My next destination was to be Brooklyn Bridge, I only really wanted to go halfway as my intentions were to stay in Manhattan for the day. After about an hour of wandering around in the general area I found my way up onto the pedestrian walkway and crossed to the first tower, where, if the weather is clear I imagine you can get some pretty fantastic views of the Atlantic basin.
After returning into the city from the bridge I started to make my way up Broadway towards Midtown and eventually the Empire State Building. On the way I came across Strand Bookstore and immediately lost myself inside for well over an hour. Sadly, I didn’t find any of my favourite books with an aged, hardback cover and decided to move on.
The Empire State Building
The 102-story cultural landmark soon came into-view and I’m pleased to tell you that the weather had began to clear.
Last minute decision as I walked past the ticket entrance. Do I, don’t I? Turns out my brain decided I had to. Standing in full at 1454ft tall, I was expecting to feel a little queasy when I reached the 86th floor observatory.
I picked up a CityPass on my way, allowing me access to six attractions or landmarks over the course of my stay for the healthy bargain of $89. Once the tallest building in the world, the views from the observation deck are extraordinary, even when visibility isn’t at it’s best. I even took the time to find someone to take a photo of me! Aren’t you lucky.

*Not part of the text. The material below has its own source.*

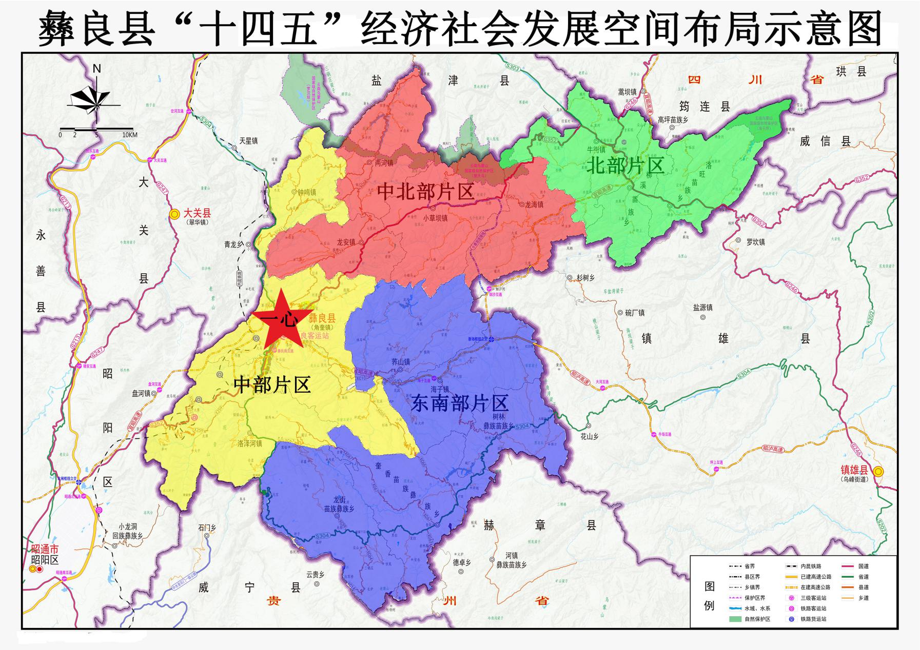 为加快彝良高质量跨越发展,根据经济社会发展需要,综合考虑人口和资源环境承载能力,结合全县产业发展、城镇建设、基础设施等发展要素,按照功能协调互动、产业相对集聚、区域联动协作的原则,构建“一心四片”的经济发展空间布局。

On my way out of the building I found myself meters in front of a protest. At the time, blissfully unaware that May Day had been selected by the Occupy group for a series of marches across the country. After a few minutes pinned against the wall as the youthful protesters marched against the machine, I was finally able to pass and continue with a little further walking through the city before finally deciding it was time to go.